RecyclableMemoryStream best practices

Memory fragmentation can impact the performance of your application, and the large object heap in .NET is prone to fragmentation. The following guidelines or best practices should be adhered to when working with RecyclableMemoryStream: 

  1. Set the blockSize, largeBufferMultiple, maxBufferSize, MaximumFreeLargePoolBytes, and MaximumFreeSmallPoolBytes properties to appropriate values.
  2. Dispose of any stream object as soon as you’re done using it.
  3. Never call the ToArray method. 
  4. Avoid calling the GetBuffer method. 
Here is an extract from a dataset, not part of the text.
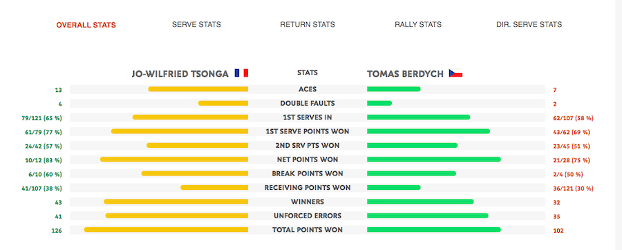 Dal canto suo, Berdych è perentorio sul suo tennis di oggi: “Oggi ero lungi dal giocare il mio miglior tennis. Certo, è una sconfitta molto deludente per me. Ora ritornerò a casa, è tutto. Devo trarre degli insegnamenti da questa sconfitta. Ora mi concentrerò sul prosieguo della stagione”.

Microsoft.IO.RecyclableMemoryStream is a pooled memory stream allocator that is adept at reducing GC load and improving the performance of your applications. Microsoft.IO.RecyclableMemoryStream takes advantage of pooled buffers to eliminate large object heap (LOH) allocations. It not only avoids memory fragmentation and memory leaks but also provides metrics that can be used for tracking performance.